The Sketchbook of Susan Kare, the Artist Who Gave Computing a Human Face - ChrisArchitect
http://blogs.plos.org/neurotribes/2011/11/22/the-sketchbook-of-susan-kare-the-artist-who-gave-computing-a-human-face/

======
rbanffy
Actually, before the Mac there was the Lisa. Before the Lisa, there was the
Star. I’d mention the Alto, but the idea of a desktop with icons wasn’t there.
The Star had them, but was even more expensive than the Lisa (and had a very
clunky mouse/keyboard manipulation flow).

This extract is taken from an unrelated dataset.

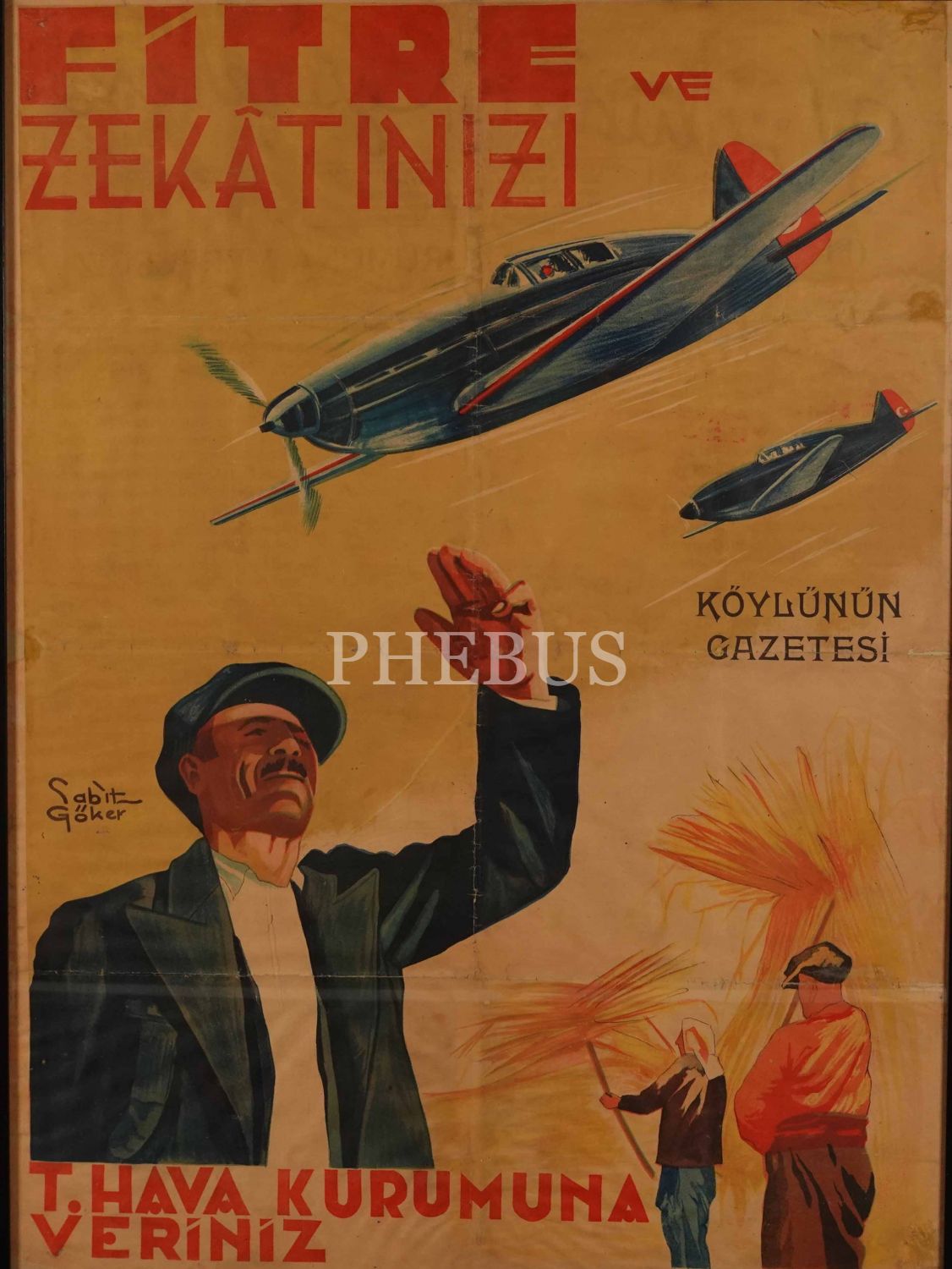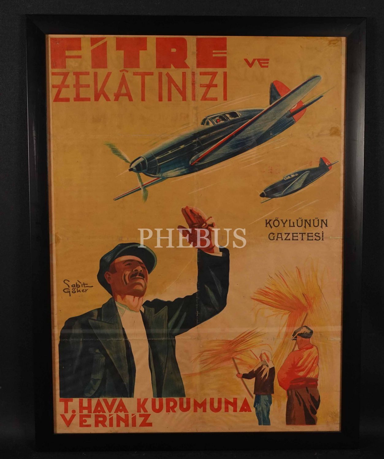 Tasarımını Sabit Göker´in yaptığı "Fitre ve Zekatınızı T. Hava Kurumu´na Veriniz" yazılı afiş, çerçevesiyle birlikte 56x74 cm...

It’s also not a steady progression from the command-line to the GUI – command-
lines have been present throughout computing history and even made a comeback
to Apple when NeXT’s OS became the base of OSX. Command lines, as cryptic as
they may appear to the uninitiated (and, quite frankly, MS-DOS didn’t make
them look good – or expressive, only cryptic), are immensely powerful. They
have been since the 70′s and continue progressing to this day (albeit, far
from the eyes of the more casual computer users).

Also, the original Mac was largely a market failure – and had little impact on
user interactions for a long time. It took years for it to dethrone Apple’s
original hit, the Apple II line, as Apple’s cash-cow.